● ABOUT THIS TASK: Repeat everything in the listing exactly, except for the images.

── RECORDS FOR THE TASK

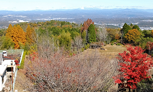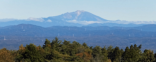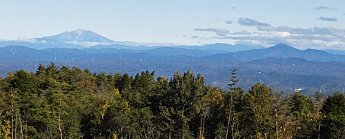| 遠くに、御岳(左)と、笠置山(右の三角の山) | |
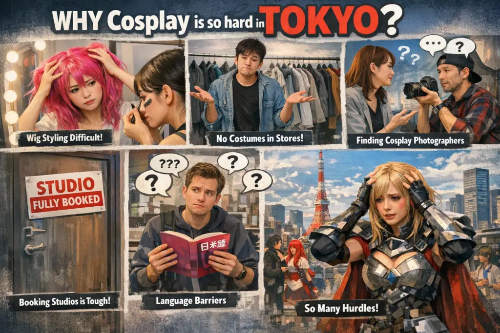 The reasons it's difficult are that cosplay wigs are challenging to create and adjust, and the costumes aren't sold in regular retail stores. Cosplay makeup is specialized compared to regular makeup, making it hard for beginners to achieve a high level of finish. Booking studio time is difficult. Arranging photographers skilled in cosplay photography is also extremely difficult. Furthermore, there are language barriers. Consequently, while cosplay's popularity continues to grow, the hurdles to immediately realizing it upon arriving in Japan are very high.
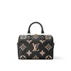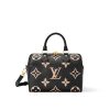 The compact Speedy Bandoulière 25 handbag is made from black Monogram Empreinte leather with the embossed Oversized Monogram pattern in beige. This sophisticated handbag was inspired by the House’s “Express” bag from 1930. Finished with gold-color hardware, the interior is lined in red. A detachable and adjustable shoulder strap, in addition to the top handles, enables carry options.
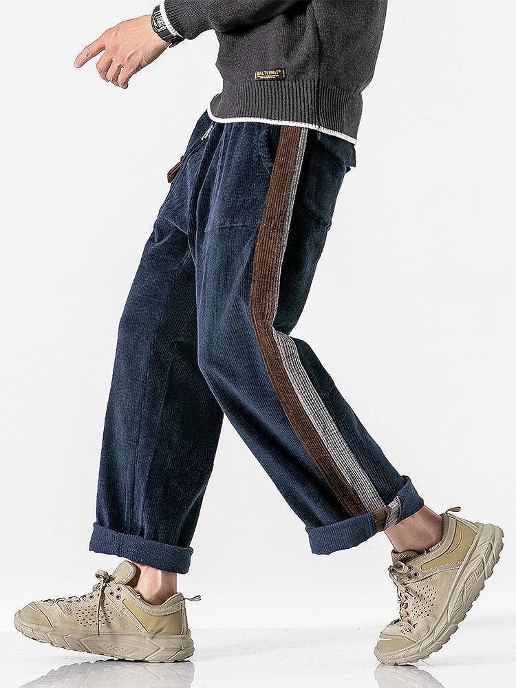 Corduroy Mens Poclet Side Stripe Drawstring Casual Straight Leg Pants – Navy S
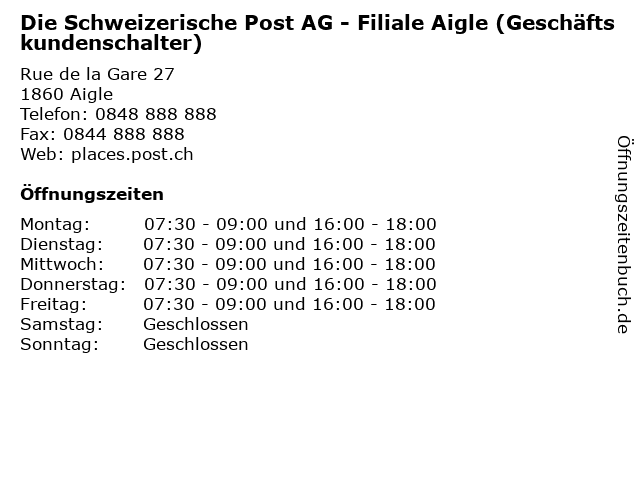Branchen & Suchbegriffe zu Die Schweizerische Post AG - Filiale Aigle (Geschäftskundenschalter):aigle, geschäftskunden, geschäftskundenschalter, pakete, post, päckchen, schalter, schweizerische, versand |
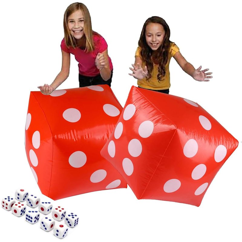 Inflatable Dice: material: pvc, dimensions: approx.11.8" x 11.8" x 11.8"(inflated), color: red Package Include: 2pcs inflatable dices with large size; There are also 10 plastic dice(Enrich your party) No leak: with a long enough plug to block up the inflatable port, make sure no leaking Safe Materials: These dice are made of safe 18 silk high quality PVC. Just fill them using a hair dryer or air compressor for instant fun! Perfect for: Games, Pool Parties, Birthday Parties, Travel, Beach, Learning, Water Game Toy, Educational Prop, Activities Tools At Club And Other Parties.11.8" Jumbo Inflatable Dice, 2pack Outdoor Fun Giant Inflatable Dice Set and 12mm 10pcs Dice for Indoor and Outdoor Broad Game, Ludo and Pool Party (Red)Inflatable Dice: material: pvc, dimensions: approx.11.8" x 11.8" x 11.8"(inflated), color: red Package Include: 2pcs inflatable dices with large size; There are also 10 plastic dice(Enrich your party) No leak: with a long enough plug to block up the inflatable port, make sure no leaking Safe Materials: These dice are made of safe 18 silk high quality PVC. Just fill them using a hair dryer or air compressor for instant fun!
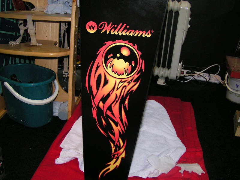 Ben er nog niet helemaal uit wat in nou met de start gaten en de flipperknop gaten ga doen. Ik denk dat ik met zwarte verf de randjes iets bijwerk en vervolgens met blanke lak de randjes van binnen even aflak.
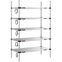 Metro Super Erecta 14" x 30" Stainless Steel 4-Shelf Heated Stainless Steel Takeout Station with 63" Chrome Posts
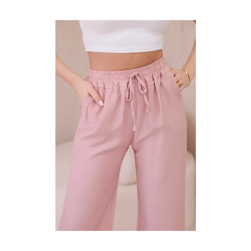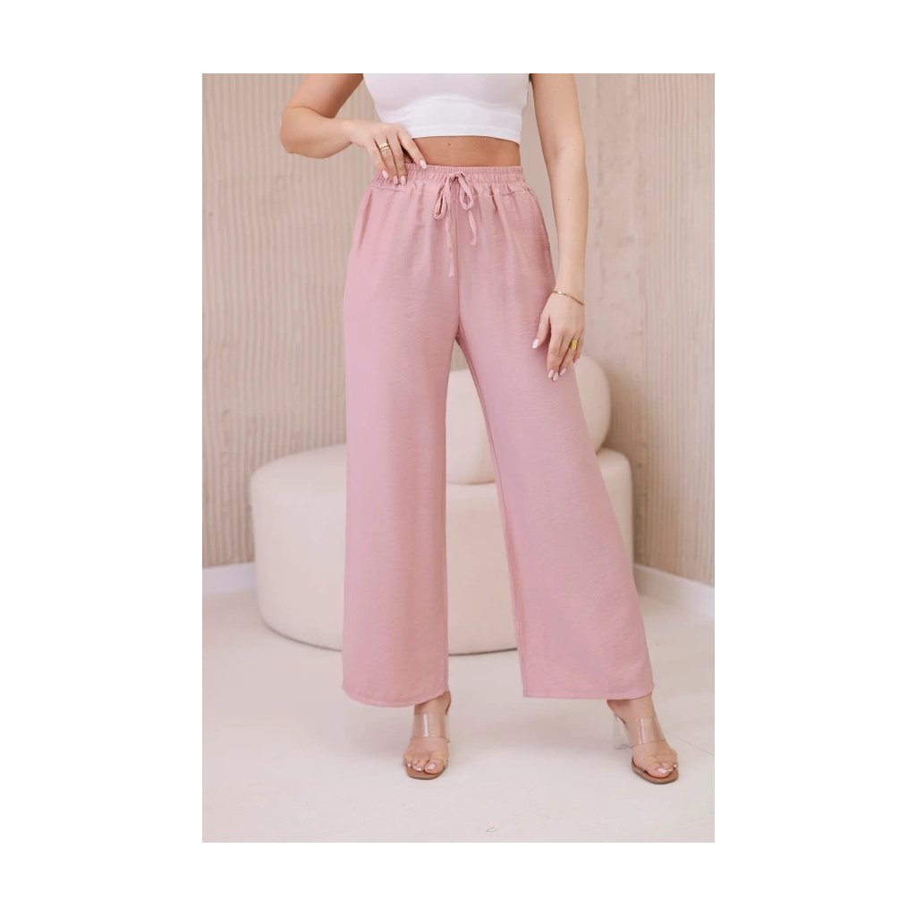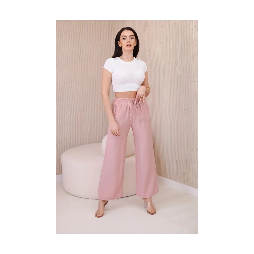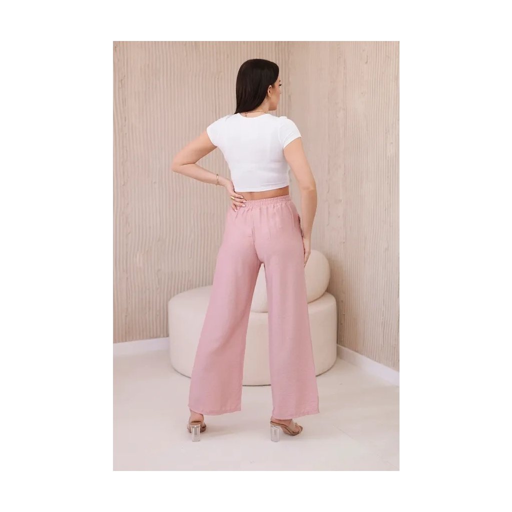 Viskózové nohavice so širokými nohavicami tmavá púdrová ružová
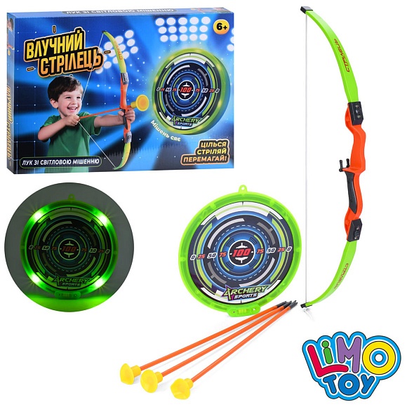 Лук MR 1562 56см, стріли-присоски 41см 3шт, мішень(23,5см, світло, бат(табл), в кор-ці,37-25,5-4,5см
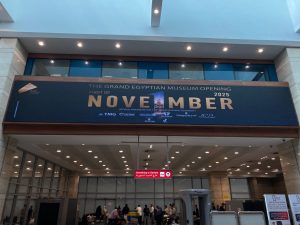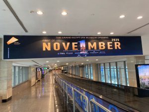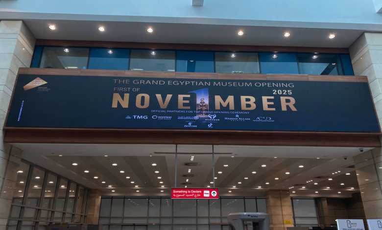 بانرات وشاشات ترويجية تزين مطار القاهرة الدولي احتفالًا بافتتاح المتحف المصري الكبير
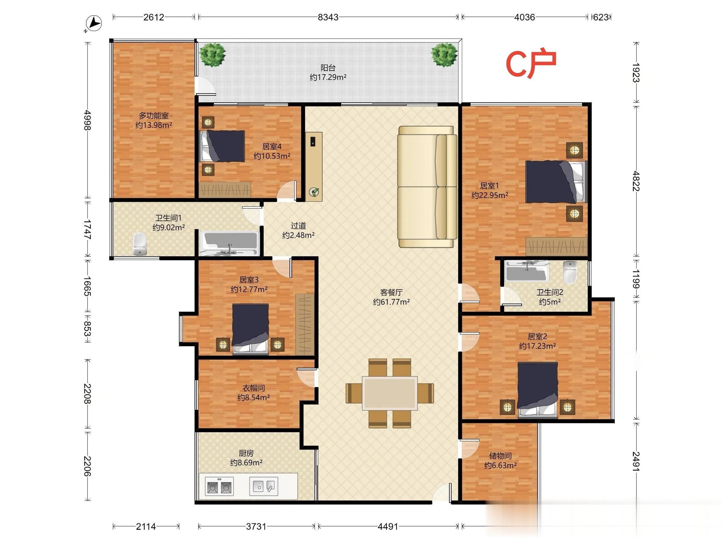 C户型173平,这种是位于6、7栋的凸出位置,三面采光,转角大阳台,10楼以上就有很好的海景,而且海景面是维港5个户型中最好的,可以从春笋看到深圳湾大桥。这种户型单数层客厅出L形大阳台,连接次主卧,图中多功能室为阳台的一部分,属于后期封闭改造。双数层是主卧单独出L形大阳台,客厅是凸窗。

────

● ANSWER SECTION:
| 遠くに、御岳(左)と、笠置山(右の三角の山) | |
 The reasons it's difficult are that cosplay wigs are challenging to create and adjust, and the costumes aren't sold in regular retail stores. Cosplay makeup is specialized compared to regular makeup, making it hard for beginners to achieve a high level of finish. Booking studio time is difficult. Arranging photographers skilled in cosplay photography is also extremely difficult. Furthermore, there are language barriers. Consequently, while cosplay's popularity continues to grow, the hurdles to immediately realizing it upon arriving in Japan are very high.
 The compact Speedy Bandoulière 25 handbag is made from black Monogram Empreinte leather with the embossed Oversized Monogram pattern in beige. This sophisticated handbag was inspired by the House’s “Express” bag from 1930. Finished with gold-color hardware, the interior is lined in red. A detachable and adjustable shoulder strap, in addition to the top handles, enables carry options.
 Corduroy Mens Poclet Side Stripe Drawstring Casual Straight Leg Pants – Navy S
Branchen & Suchbegriffe zu Die Schweizerische Post AG - Filiale Aigle (Geschäftskundenschalter):aigle, geschäftskunden, geschäftskundenschalter, pakete, post, päckchen, schalter, schweizerische, versand |
 Inflatable Dice: material: pvc, dimensions: approx.11.8" x 11.8" x 11.8"(inflated), color: red Package Include: 2pcs inflatable dices with large size; There are also 10 plastic dice(Enrich your party) No leak: with a long enough plug to block up the inflatable port, make sure no leaking Safe Materials: These dice are made of safe 18 silk high quality PVC. Just fill them using a hair dryer or air compressor for instant fun! Perfect for: Games, Pool Parties, Birthday Parties, Travel, Beach, Learning, Water Game Toy, Educational Prop, Activities Tools At Club And Other Parties.11.8" Jumbo Inflatable Dice, 2pack Outdoor Fun Giant Inflatable Dice Set and 12mm 10pcs Dice for Indoor and Outdoor Broad Game, Ludo and Pool Party (Red)Inflatable Dice: material: pvc, dimensions: approx.11.8" x 11.8" x 11.8"(inflated), color: red Package Include: 2pcs inflatable dices with large size; There are also 10 plastic dice(Enrich your party) No leak: with a long enough plug to block up the inflatable port, make sure no leaking Safe Materials: These dice are made of safe 18 silk high quality PVC. Just fill them using a hair dryer or air compressor for instant fun!
 Ben er nog niet helemaal uit wat in nou met de start gaten en de flipperknop gaten ga doen. Ik denk dat ik met zwarte verf de randjes iets bijwerk en vervolgens met blanke lak de randjes van binnen even aflak.
 Metro Super Erecta 14" x 30" Stainless Steel 4-Shelf Heated Stainless Steel Takeout Station with 63" Chrome Posts
 Viskózové nohavice so širokými nohavicami tmavá púdrová ružová
 Лук MR 1562 56см, стріли-присоски 41см 3шт, мішень(23,5см, світло, бат(табл), в кор-ці,37-25,5-4,5см
 بانرات وشاشات ترويجية تزين مطار القاهرة الدولي احتفالًا بافتتاح المتحف المصري الكبير
 C户型173平,这种是位于6、7栋的凸出位置,三面采光,转角大阳台,10楼以上就有很好的海景,而且海景面是维港5个户型中最好的,可以从春笋看到深圳湾大桥。这种户型单数层客厅出L形大阳台,连接次主卧,图中多功能室为阳台的一部分,属于后期封闭改造。双数层是主卧单独出L形大阳台,客厅是凸窗。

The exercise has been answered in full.